Personal information
- Full name: Goldsmith Collins
- Date of birth: 16 September 1901
- Place of birth: Malvern, Victoria
- Date of death: 27 April 1982 (aged 80)
- Place of death: Panton Hill, Victoria
- Original team(s): Fitzroy Juniors
- Height: 183 cm (6 ft 0 in)
- Weight: 86 kg (190 lb)

Playing career^{1}
- Years: Club / Games (Goals)
- 1922–1928: Fitzroy / 64 (9)
- ^{1} Playing statistics correct to the end of 1928.

Career highlights
- VFL premiership: 1922; Fitzroy Club Champion: 1923;

= Goldie Collins =

Australian rules footballer, born 1901

Goldsmith Collins (16 September 1901 – 27 April 1982) was an Australian rules footballer who played with Fitzroy in the VFL.

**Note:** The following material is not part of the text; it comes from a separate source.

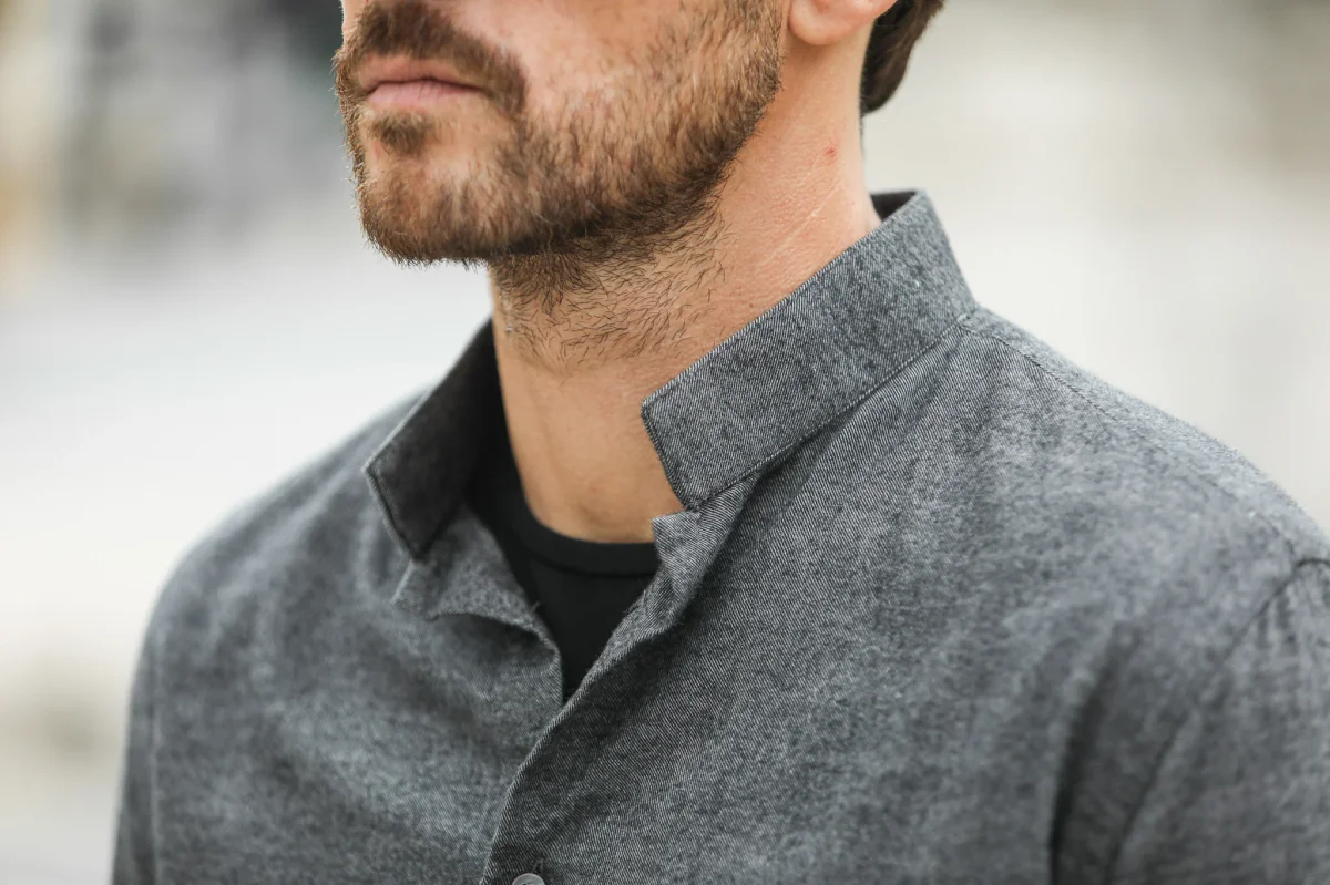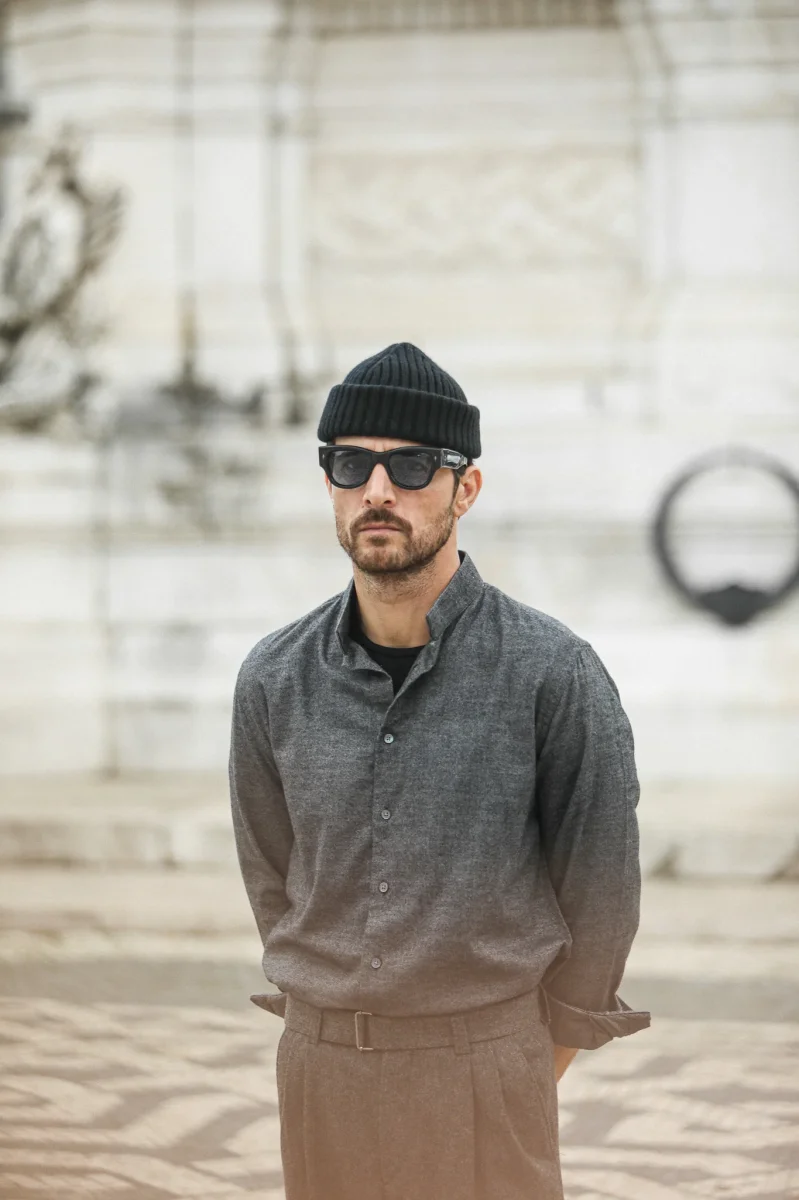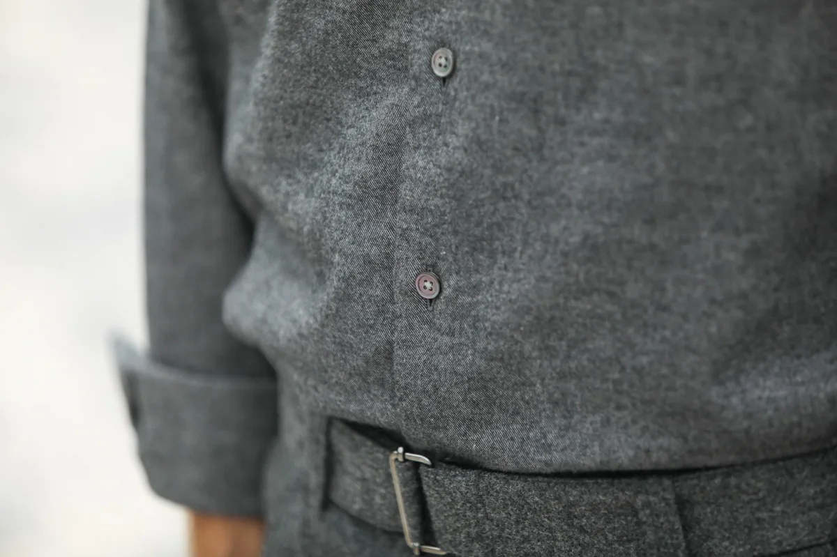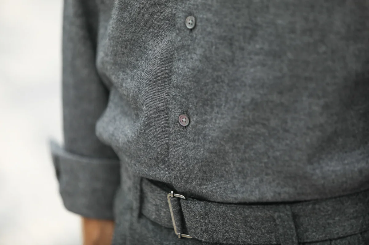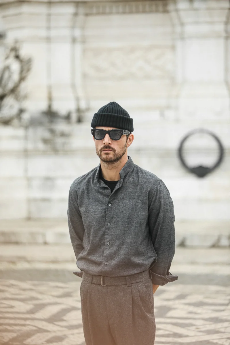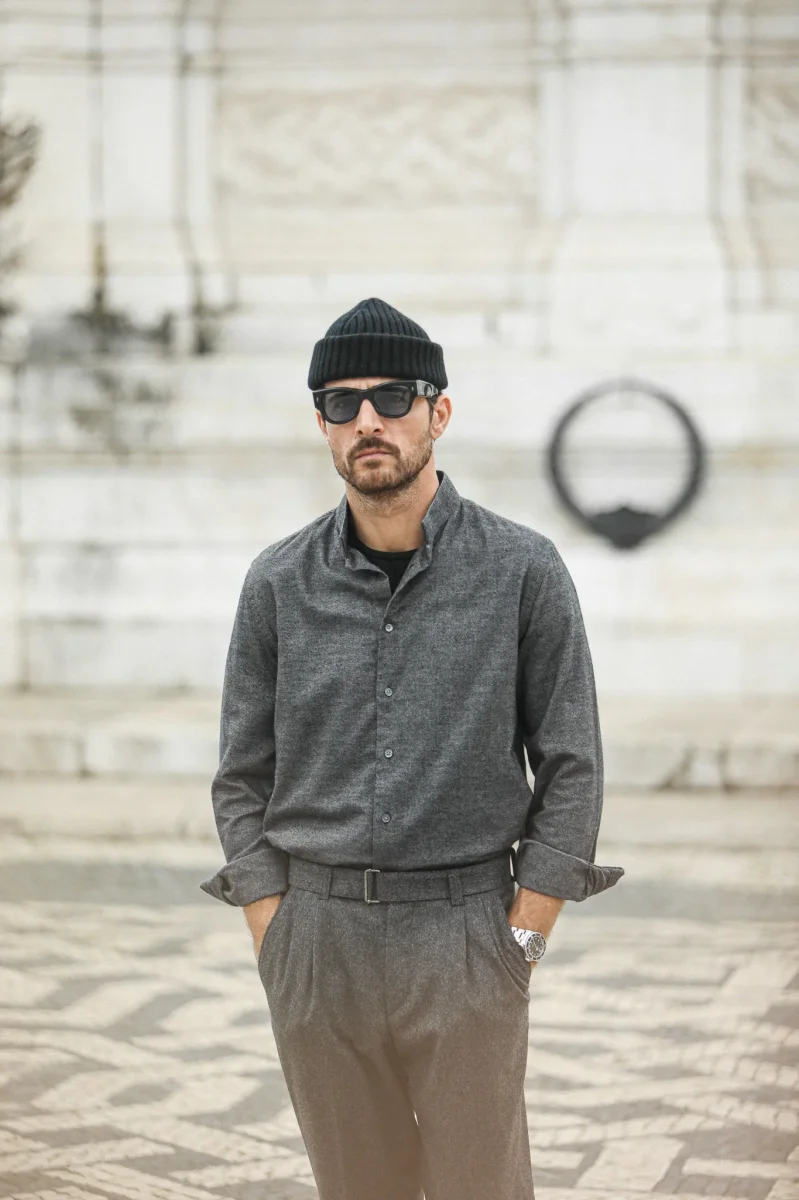 De retour cette saison, notre chemise à col tailleur à l’allure particulièrement élégante, inspiré du vestiaire tailleur, se décline en version hiver dans une très belle flanelle gris chiné.

He made his debut with Fitzroy in 1922 and the following season was the club's best and fairest. His brothers, Harry and Norm both played for Fitzroy.

==Clashes with the law==
===Vexatious litigant===
On 27 March 1953, on the basis of his having "instituted 40 litigations in the last five years", Collins was declared a vexatious litigant.

===Contempt of court===
Later that year, was jailed for four months, by the Supreme Court, for contempt of court, when he assaulted a detective who was attempting "to take him into custody to serve a term of one month imposed for an earlier contempt in writing insulting letters to judges of the court".

===Violent behaviour===
In April 1954, already in Pentridge Gaol, serving the earlier sentence, and, once again, charged with contempt of court, he put on such an extraordinary display (shouting insults at the judge, etc.) that the judge collapsed. Once the judge had recovered enough to be removed from the court, the Chief Justice, Sir Edmund Herring, was called to the court. Herring adjourned the hearing indefinitely and ordered that Collins be returned to Pentridge. Collins, then, "fought violently with two warders and a court policeman and was hand cuffed by Detective-Sergeant W. W. Mooney, who had joined in to help them".